ABD ne zaman kendini kaybetti ve dünyadaki tek ülkeymiş gibi davranmaya başladı? Ya da, ABD stratejik ortağı ve müttefiki Türkiye'nin güvenliğini ne zaman önemsemez oldu? Bu sorulara cevap ararken, Afrin operasyonunda teröristlerin bize karşı kullandıkları silahların ABD'den geldiğini de unutmayalım... TBMM'nin Mart Tezkeresini reddetmesinin, Pentagon'la bizim Genelkurmay arasındaki ilişkileri kopardığını da hep hesaba alalım...
Unilateralizm
Irak öncesinde ABD müttefiklerine danışır, konuları Birleşmiş Milletler'e taşır ve sonra karar alırdı. ABD Irak'ı işgal ettikten sonra, kural dinlemez saldırgan bir ülkeye dönüştü.

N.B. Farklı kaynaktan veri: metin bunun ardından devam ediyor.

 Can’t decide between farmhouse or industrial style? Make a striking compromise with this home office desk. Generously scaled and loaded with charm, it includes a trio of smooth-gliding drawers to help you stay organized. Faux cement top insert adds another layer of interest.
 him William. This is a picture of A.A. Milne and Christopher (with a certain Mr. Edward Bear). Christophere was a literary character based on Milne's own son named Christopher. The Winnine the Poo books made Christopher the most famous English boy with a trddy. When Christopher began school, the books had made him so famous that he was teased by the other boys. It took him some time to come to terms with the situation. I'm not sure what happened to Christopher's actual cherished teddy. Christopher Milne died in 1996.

Irak sonrasında önce karar alıyor, sonra da müttefiklerine danışıyor. BM ise hesaba bile almıyor. Kudüs dolayısıyla bir de "Lehte oy vermezsen yardımı keseriz" içerikli şantaj uygulaması da gündeme girdi. Bu tablonun adı ise "Unilateralizm."
Hepsini anlattık
Bugün Amerika'nın PKK'ya verdiği desteğin Türkiye'yi ne ölçüde olumsuz etkileyeceğini, bundan 10 yıl önce 2007'nin Kasımında Washington'u ziyaret eden ve dönemin Başkanı George W Bush ile görüşen, o zamanın Başbakanı Tayyip Erdoğan çok açık anlatmıştı... "Verimli ve olumlu bir görüşme" yaptığını söyleyen Erdoğan Başkan Bush'a beş konuda Türkiye'nin taleplerini ilettiğini anlatmıştı.
Değişen bir şey yok
Bu beş talep şu maddelerden oluşuyordu:
PKK'nın lider kadrosuna ilişkin hedefler.

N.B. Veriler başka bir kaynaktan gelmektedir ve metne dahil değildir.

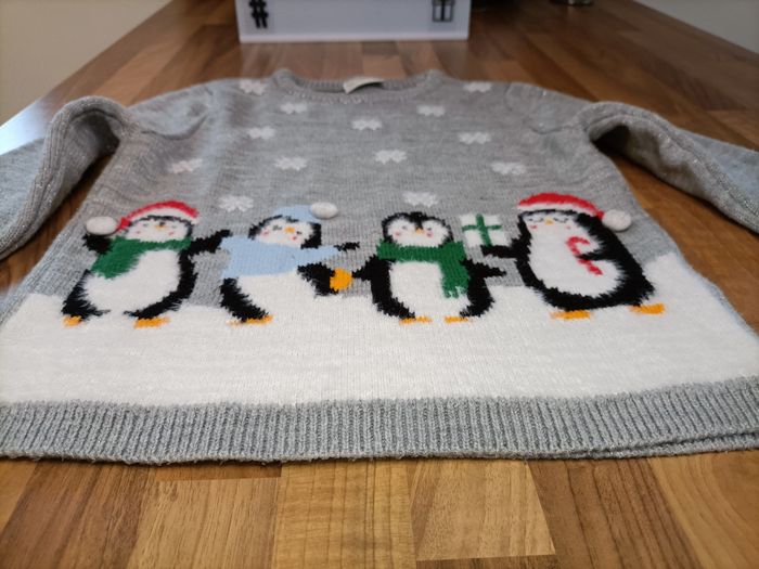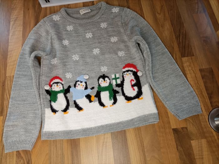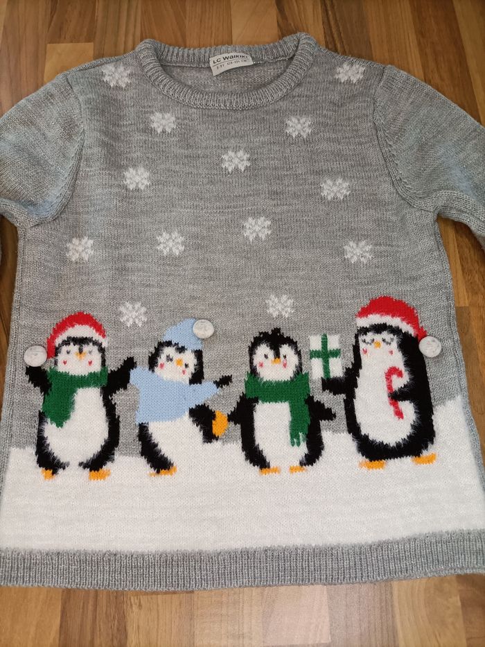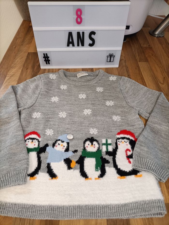 Pull chaud Noël gris pailleté pingouins 8 ans - photo numéro 1

Bölücü örgütün kamplarının dağıtılması.
ABD'nin PKK'ya lojistik desteğinin kesilmesi.
Kuzey Irak'taki örtülü siyasetlere izin verilmemesi.
İstihbarat paylaşımı için bir iletişim ağının oluşturulması.
Hem PKK hem de FETÖ
Aradan geçen yıllar içinde ABD Bush'tan sonra iki başkan daha gördü. Ancak bu ülkenin yönetiminde başkanların geçici olduğu ve asıl yönetimin derin devletin bürokrasisinin, CIA'nın, FBI'nın, Pentagon'un elinde olduğu da iyice anlaşıldı. Obama da, Trump da Erdoğan'la görüşmelerinde Bush gibi konuştular. PKK'nın ABD için de bir terörist örgüt olduğunu kabullendiler. Ve şimdi Afrin'de PKK bizi Amerikan silahları ile vuruyor. Ve FETÖ hâlâ ABD'nin himayesi altında Türkiye'deki eylemlerini planlıyor.
"Ben kendimi düşmanlarıma karşı korurum. Ancak asıl tehdit dostlarımdan geliyor." Türkiye'nin şu andaki konumunu en iyi anlatacak söylem bu değil midir?